Так что, отправляясь с детьми в Полотняный Завод, Наталия Николаевна надеялась склонить мать к милости, – дабы не чинила та препятствий Катеньке и Азиньке в их переезде в Петербург. Да и с братом Митей необходимо переговорить о финансовой стороне дела.

Итак, Натали с детьми благополучно достигла родной усадьбы, и три сестры после долгой разлуки наконец-то воссоединились. Объятия, поцелуи, восторги! Первая бурная радость встречи стала понемногу утихать.

Но как занимали разговоры о будущей столичной жизни Катю и Азю, как сладко замирали их сердца, внимая рассказам Таши о светских раутах, балах и вечерах, о красавце-Петербурге, его набережных, соборах, дворцах!

Пушкина держат в столице дела, хотя он всем сердцем рвётся к семье, в Полотняный. И вот, наконец, в августе 1834‐го дорожная коляска поэта въезжает в усадебные Спасские ворота, и кони замирают, как вкопанные, у парадного крыльца фамильного дворца, где гостя восторженно встречают домочадцы: жена, дети, свояченицы, шурин и вся многочисленная дворня.

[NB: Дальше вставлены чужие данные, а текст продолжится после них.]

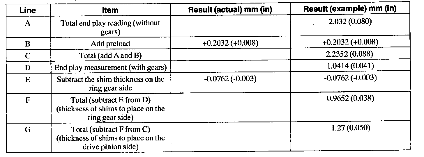 31. Complete the worksheet, and select the appropriate thickness differential shims. New differential shims are available in 0.0762 mm (0.003 inch), 0.127 mm (0.005 inch), 0.254 mm (0.010 inch), and 0.762 mm (0.030 inch) thickness.
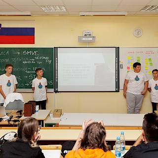 Sobotno jutro se je začelo ustvarjalno in kreativno. Učenci so za začetek dneva in inspiracijo prisluhnili priznanemu podjetniškemu mentorju in strokovnjaku Matiji Goljarju. Poleg zanimivih zgodb so svoje podjetniške veščine in spretnosti razvijali v interaktivni igri Misija nemogoče.
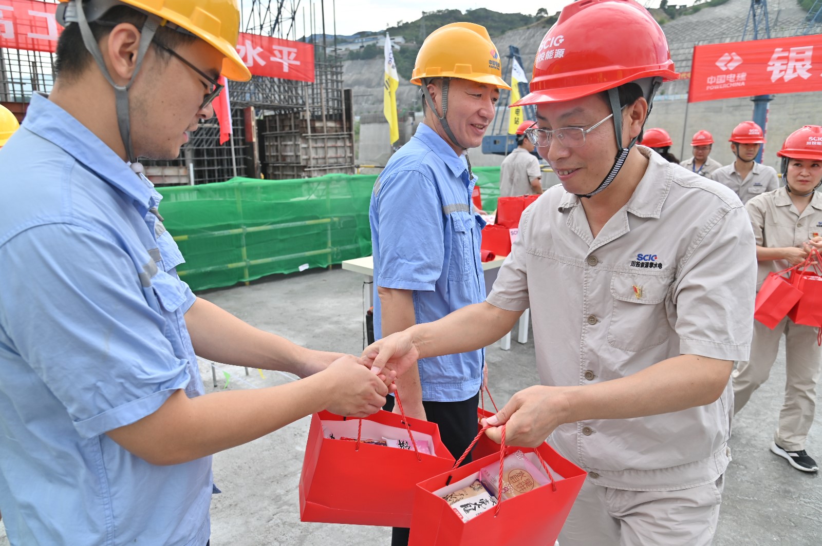 儀式最後,徐孝剛一行代表攀水電公司向中秋佳節仍堅守在施工一線的全體人員送上了中秋、國慶節日慰問。

Две недели мирной счастливой жизни Пушкина: прогулки по парку и по берегам Суходрева, пешие и верховые, чтение старых книг в домашней библиотеке, семейные чаепития.

Незаметно истёк август, – календарь исправно повёл отсчёт сентябрьским дням. В один из них с усадебного двора резво взяли разбег целых четыре тройки, да ещё два жеребчика про запас, увозя в Москву из Полотняного Пушкина с женой, детьми и свояченицами.

  • Обоз обычный, три кибитки
  • Везут домашние пожитки…

Вместе с домашним скарбом погрузили на подводу и книги, взятые Пушкиным из фамильной библиотеки. Дмитрий Николаевич составил им подробный регистр: свыше восьмидесяти наименований фолиантов, многие из коих датировались восемнадцатым столетием, по истории, философии, географии отобрал для чтения и работы Александр Сергеевич.

Домашняя библиотека славилась в округе своим великолепием и богатством, да и бесчисленные её тома не пылились в книжных шкафах: к чтению наследников и наследниц Гончаровых приучали с детства. Все три сестры – Катя, Азя, Таша – слыли весьма образованными и начитанными барышнями. Возможно, и знакомые строки из «Капитанской дочки» обращены к гончаровской библиотеке:

«Редко наша красавица являлась посреди гостей, пирующих у Кирила Петровича. Огромная библиотека, составленная большею частию из сочинений французских писателей XVIII века, была отдана в её распоряжение».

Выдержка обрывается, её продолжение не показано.